I am implementing a custom iterator for a container type other than STL, and came across the following behavior, which at this stage seems a little unexpected to me.
It seems that there is significant success in performance when you define an "empty" dtor? Why??
To try to figure this out, I used a simple iterator for std :: vector to compare performance directly with the standard STL iterator. For a fair test, I just copied a simplified implementation from "vector.hpp" and experimented with adding an additional "empty" dtor:
template <typename _Myvec> class my_slow_iterator // not inheriting from anything!! { public : _Myvec::pointer _ptr;
Then I modified std :: vector so that I can return its new iterator type and use the following for comparison: sort a vector of 2,000,000 random numbers averaged over three runs:
std::vector vec; // fill via rand(); int tt = clock(); std::sort(vec.begin(), vec.end()); tt = clock() - tt; // elapsed time in ms
I got the following results (VS2010, Release build, _ITERATOR_DEBUG_LEVEL 0, etc.):
- Using the standard STL iterator: 550 ms.
- Using
my_slow_iterator
when deleting an empty dtor: 560 ms. - Using
my_slow_iterator
with empty dtor turned on: 900 ms.
It seems that an empty dtor in this case causes a deceleration of about 40%.

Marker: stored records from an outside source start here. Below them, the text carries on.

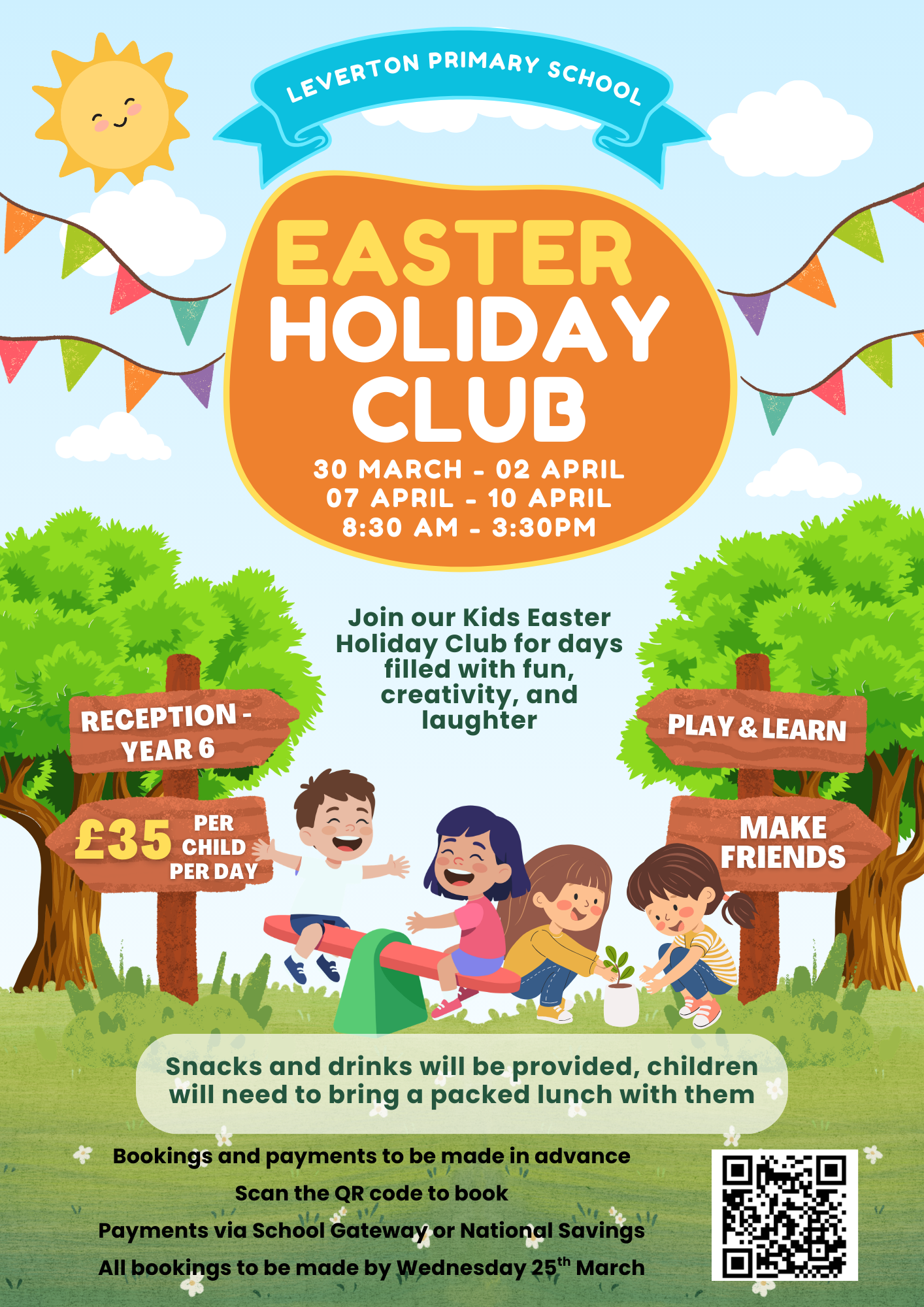 Easter Holiday Club at Leverton: Bookings now open via the Google form link below. Payments via Schoolgateway. ...
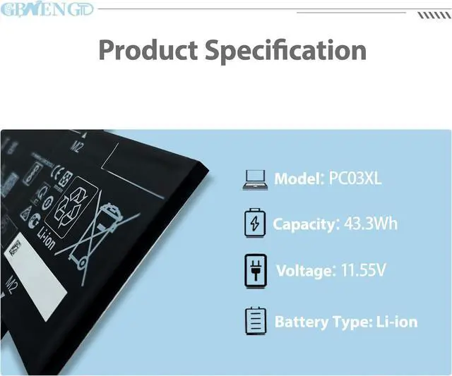 Specifications Model:PC03XL Capatity: 43.3Wh Voltage:11.55V Color: Black Battery type: Rechargeable Li-ion Battery Condition: 100% brand New from Manufacturer.
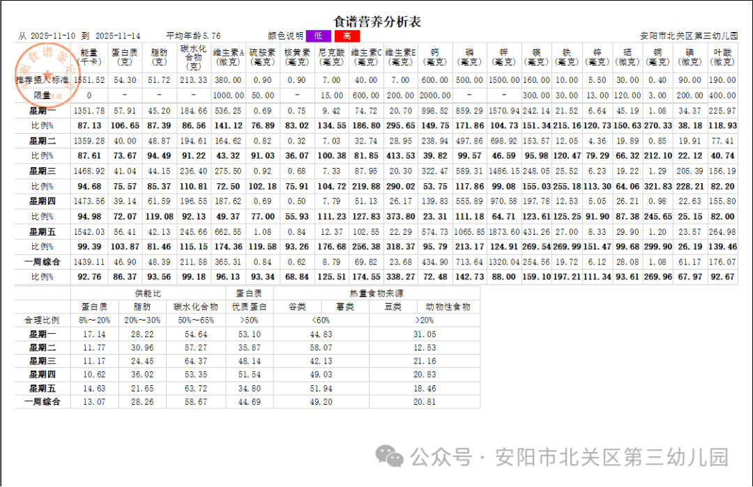 保健医和厨师团队根据幼儿生长发育需求,结合季节特点,共同制定每周带量食谱。
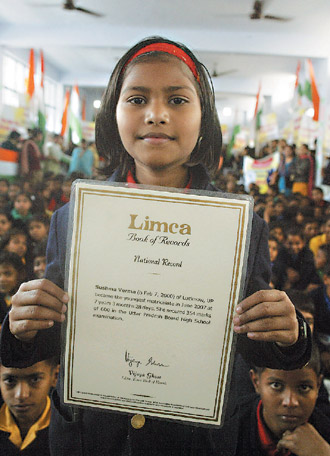 現(xiàn)年9歲的韋瑪(Sushma Verma)目前在北方省首府勒克瑙的圣米拉國際學(xué)院就讀,她2007年參加大學(xué)入學(xué)考試時,只有7歲零3個月又28天。
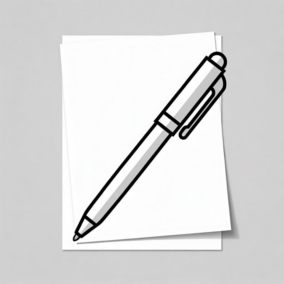 ballpoint pen, blank paper, clipart, document, drawing, graphic, icon, illustration, ink pen, isolated background, line art, office supplies, outline, paper, simple, stationery, vector, white paper, writing, pen
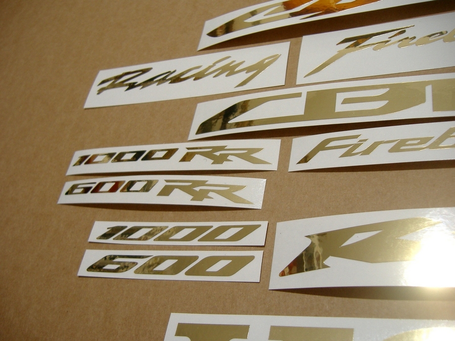 Honda CBR 600RR/1000RR custom chrome gold sticker set - this is a complete aftermarket decal set for the CBR 600RR and 1000RR models.
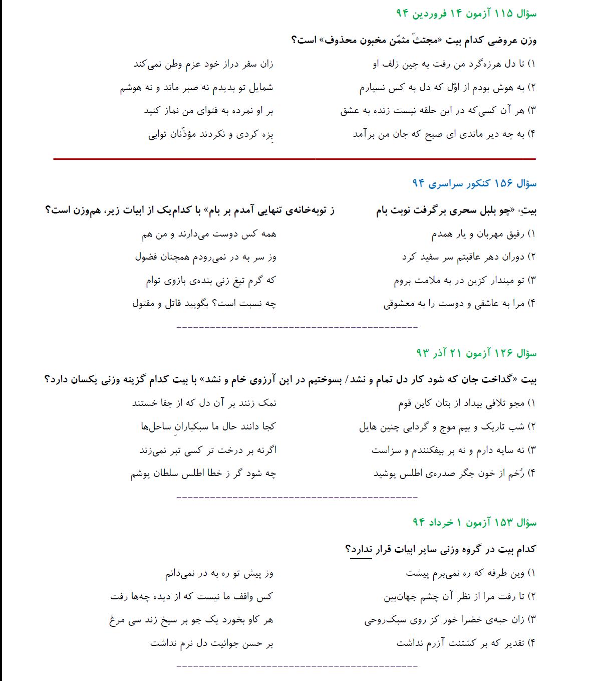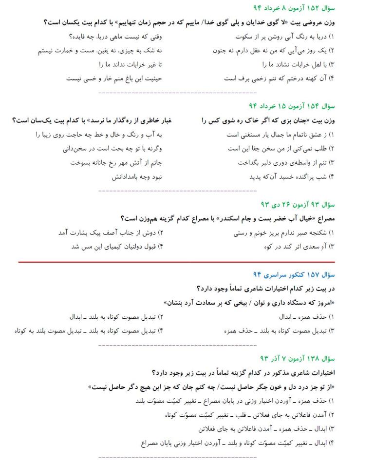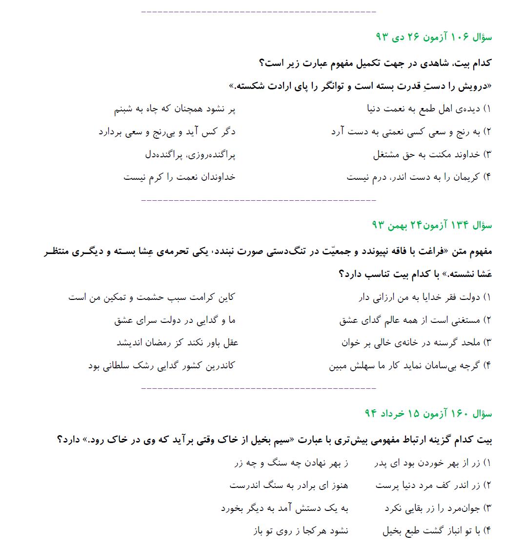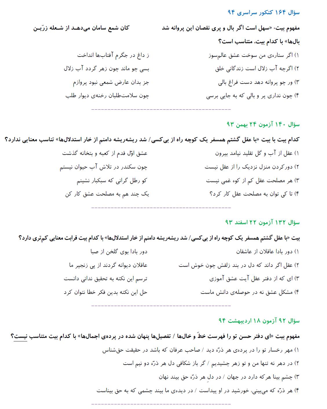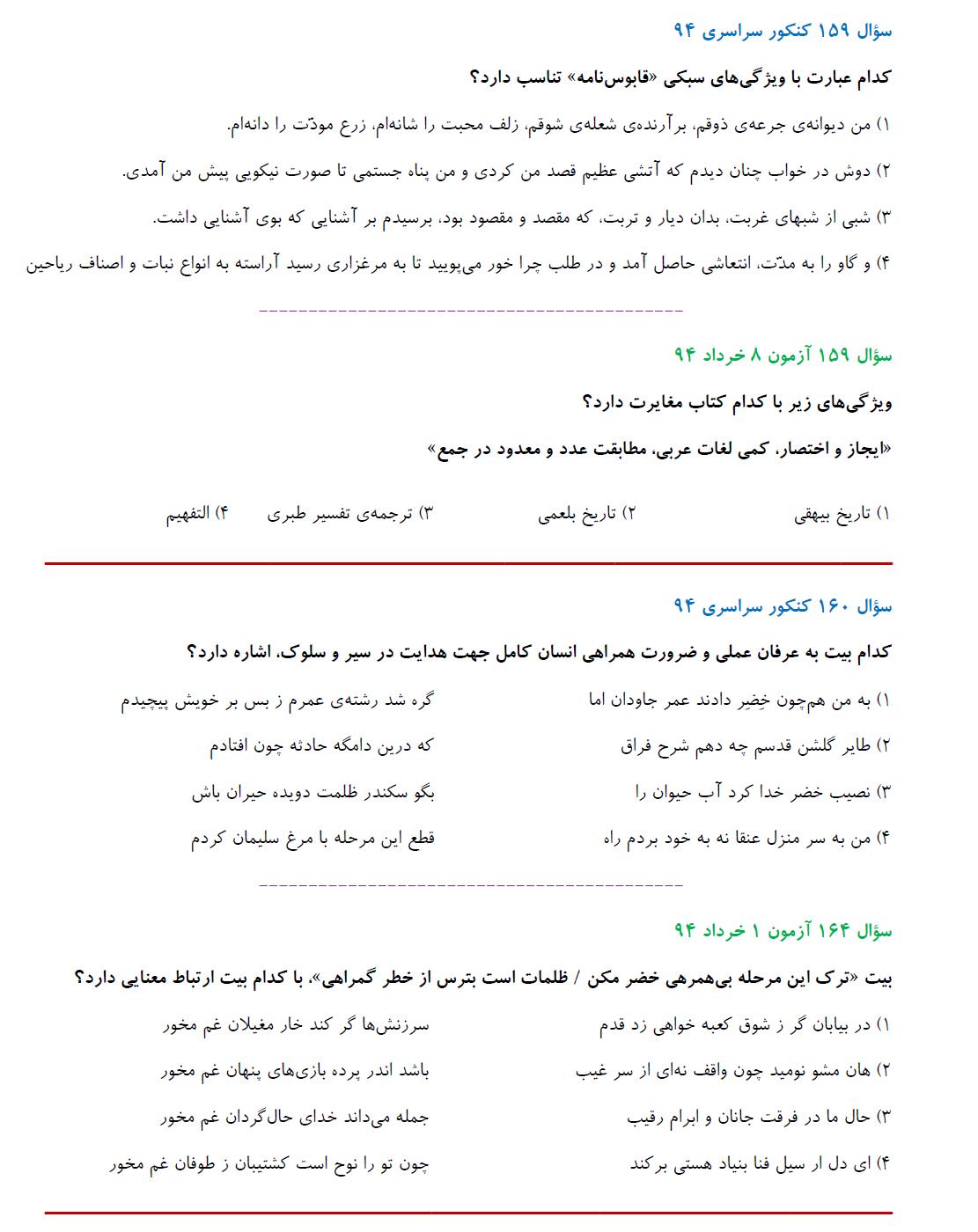 مشابهت آزمونهای کانون باکنکور سراسری انسانی94: ادبیات اختصاصی
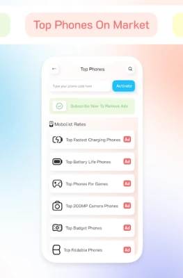 Mobolist app contains best phones according to each category, including Top Premium Flagship Phones, Best Mid-Range Budget Phones, Best Affordable Phones, Best Battery Life Phones, Top Fastest-Charging Phones, Top Camera Phones, Top Selfie Phones, Top Phones for Games, Top Foldable Phones, Best mobile performance according to AnTuTu Benchmark, Best DXOMARK Main Camera and Selfie Camera, GeekBench Best CPU Performance Phones, GSMArena Trending Phones.
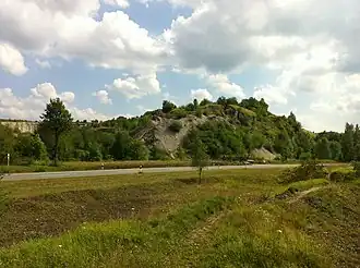 Der Kanstein mit Standort der ehemaligen Burg. Heute Teil des Steinbruchs. | ||
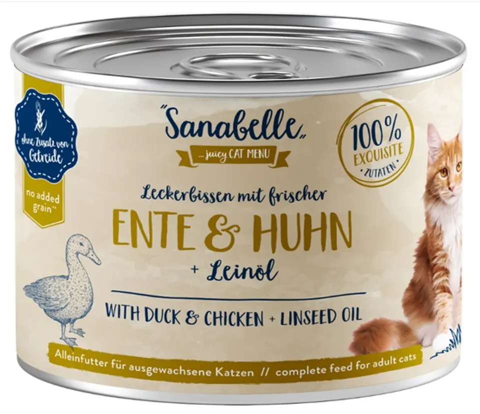 Fresh chicken (30%), chicken broth (30%), fresh duck (14%), fresh lungs (14%), fresh hearts (5%), fresh liver (5%), minerals (1%), linseed oil (1%).
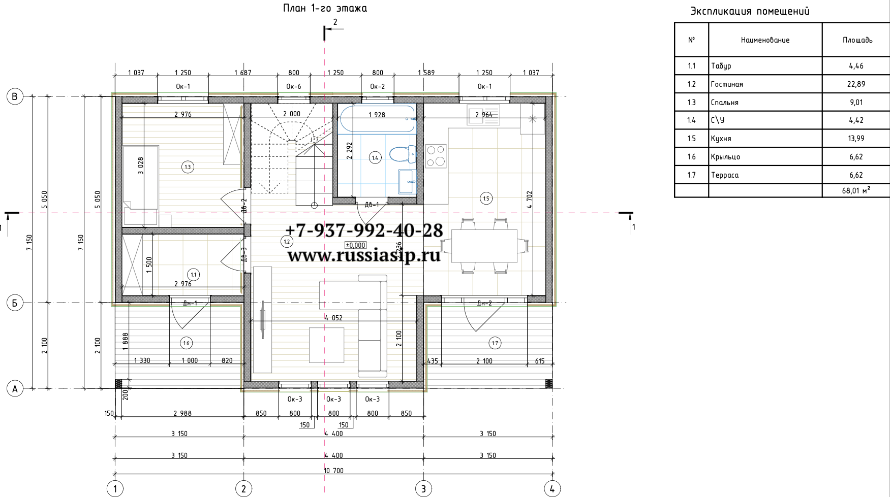 1 ЭТАЖ: тамбур 4,46м2, гостиная 22,89м2, спальня1 9,01м2, с/у1 4,42м2, кухня 13,99м2, крыльцо 6,2м2, терраса 6,62м2
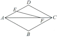 2. 如图,四边形 $ABCD$ 是菱形,$\angle DAB = 60^{\circ}$,点 $E$ 是 $DA$ 的中点,$F$ 是对角线 $AC$ 上一点,且 $\angle DEF = 45^{\circ}$,求 $AF:FC$ 的值。
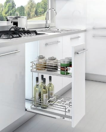 Kosze Cargo Podblatowe oparte na prowadnicach Sige pozwolą na świetne zagospodarowanie przestrzenią wewnątrz szafki. Eleganckie, chromowe wykończenie doda prestigu Państwa meblom kuchennym. Dzięki swojej konstrukcji, kosze wytrzymują nacisk aż 40kg dzięki czemu bez problemu można umieszczać w cargu nawet ciężkie przedmioty. Funkcja cichego domyku wyłapuje zamykający się kosz i domyka go do korpusu.
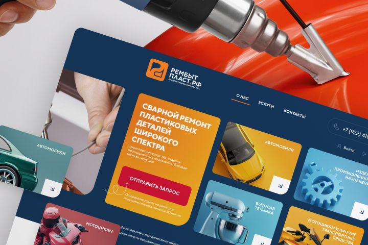 Одностраничный сайт для мастерской по ремонту автомобильного, бытового и производственного пластика.
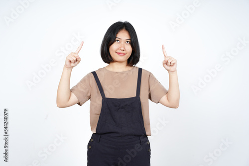 Showing Product and Pointing Up of Beautiful Asian Woman Isolated On White Background
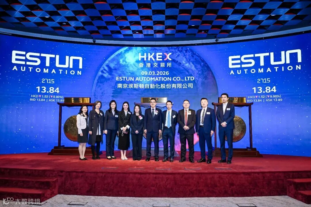 3月9日,被誉为国产工业机器人“四小龙”之一的南京埃斯顿自动化股份有限公司(“埃斯顿”,2715.HK)正式在香港联合交易所主板挂牌,成为中国工业机器人领域首家“A+H”上市公司。本次IPO基础发行规模约14.87亿港币,若15%的超额配售权悉数行使,绿鞋后发行规模将达约17.10亿港元,获得嘉实基金、亨通光电、海天国际等七家基石投资者联手捧场。交银国际在本次项目中担任联席全球协调人、联席账簿管理人及联席牵头经办人,这也是交银国际2026年完成的第五单港股IPO项目,持续彰显在港股IPO领域的专业执行能力与项目运作实力。
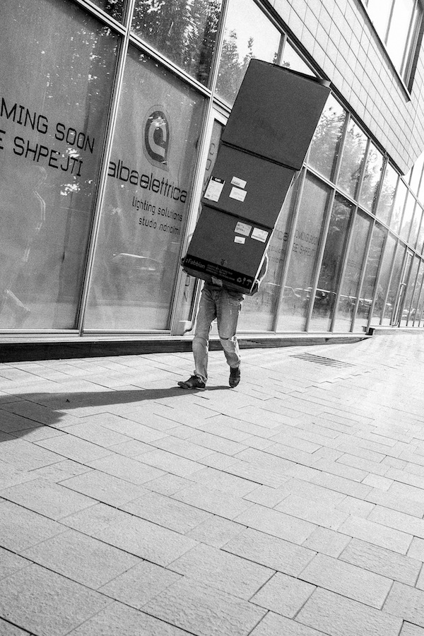 Riguardo alla gestione degli spazi, ho diviso il fotogramma in due parti uguali (circa), in modo che i rettangoli della pavimentazione giocassero con quelli del palazzo.
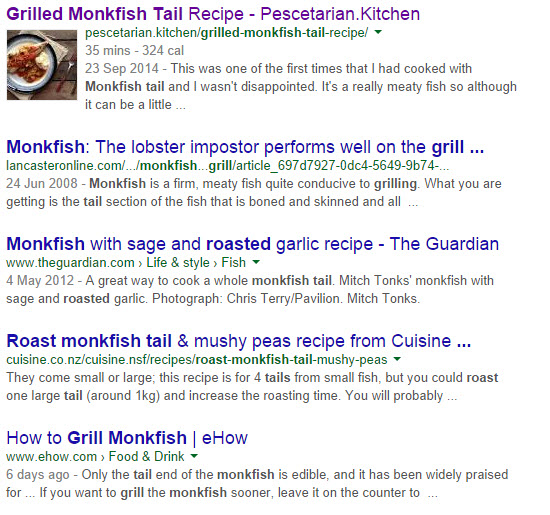 The term pescetarian is searched for around 40,500 times every month. This alone was an encouraging stat for me, because it doesn't even take into account all of the recipe-specific search terms that could be targeted (e.g. prawn linguine recipe).
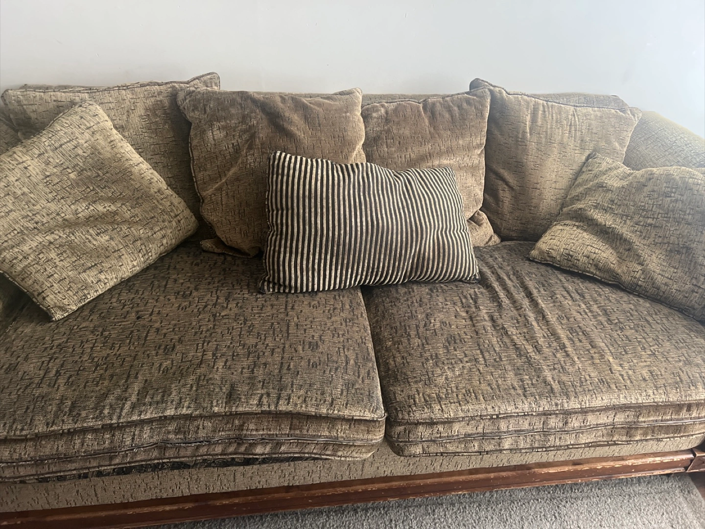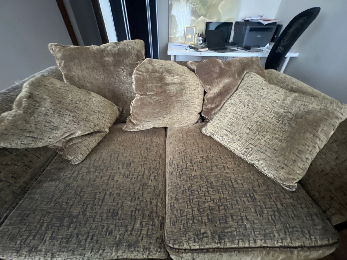 Selling a comfy brown sofa that's perfect for lounging! It comes with a bunch of pillows to make it extra cozy. It's in good condition and ready for a new home. Great for a living room or den
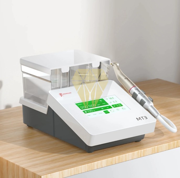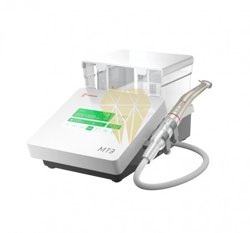 El MT3 es un micromotor eléctrico de sobremesa fabricado por Woodpecker®. Dispone de control digital de velocidad, pantalla táctil en la unidad y depósito de agua, ideal cuando no es posible conectar al suministro de red.
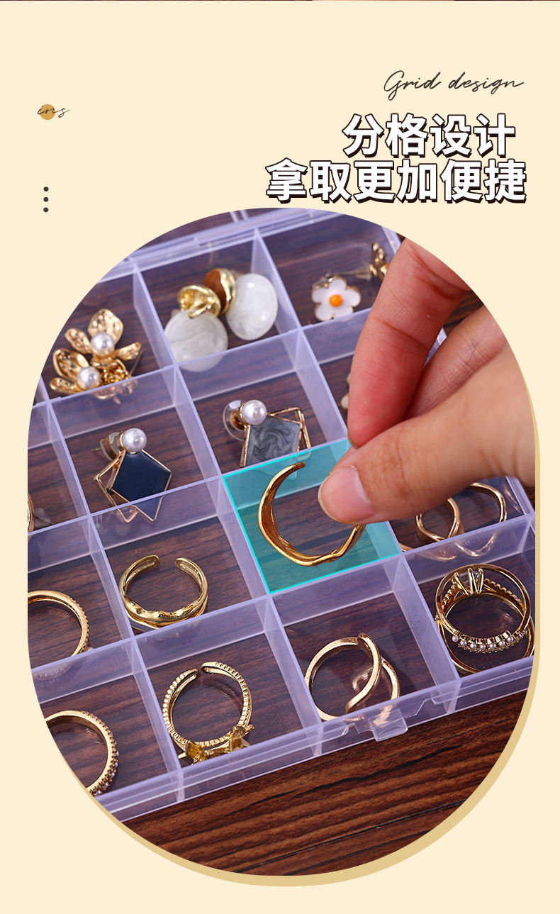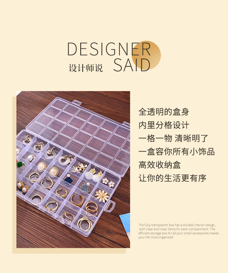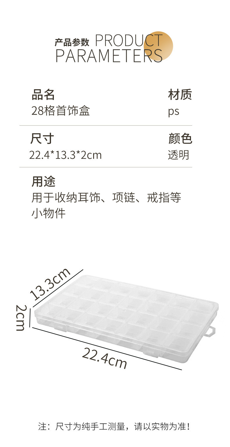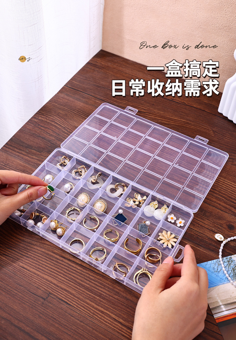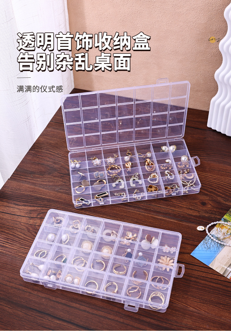 Jewelry storage display box 28 fixed anti-string jewelry box transparent plastic earrings earrings ring storage
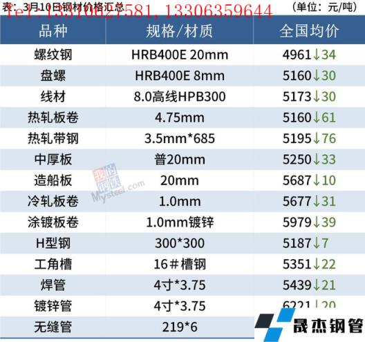 建筑厚壁無縫鋼管:3月10日,全國31個主要城市20mm三級抗震螺紋鋼均價4961元/噸,較上個交易日下跌34元/噸。本周供給繼續(xù)小增,庫存迎來拐點(diǎn),且降幅尚可。綜合來看,目前供給仍然處于回升階段,但整體增量有限;需求方面,隨著天氣逐漸好轉(zhuǎn),需求有所回升??紤]到近期國際形勢仍然不穩(wěn),短期現(xiàn)貨市場受情緒波動影響較大。因此預(yù)計(jì)11日國內(nèi)建筑厚壁無縫鋼管價格將繼續(xù)窄幅趨弱為主。

Obviously, if dtor is empty, then why is it needed, but I expected that simple "empty" functions like this would be rejected and optimized at compile time. If this is not the case, then I would like to understand what happens if this type of problem has consequences in more complex cases.
EDIT: compiled with O2 optimization.
EDIT: dig a little further, it seems that a similar effect occurs with a copy of ctor. Initially (and in the above tests) my_slow_iterator
does not have a copy-ctor identifier, so it uses the default compiler.
If I define the following instance-ctor (which does nothing more than I expected from the compiler created):
my_slow_iterator ( const my_slow_iterator<_Myvec> &_src ) : _ptr(_src._ptr) {}
I see the following results for the same test as above:
- Using
my_slow_iterator
, dtor removed, copy-ctor enabled: 690ms - Using
my_slow_iterator
, dtor enabled, copy-ctor enabled: 980 ms
This is another (albeit not so sharp) performance.
Why / how are the default functions for the compiler much more efficient? Does the user ctor / dtor implicitly determine to do something in the background?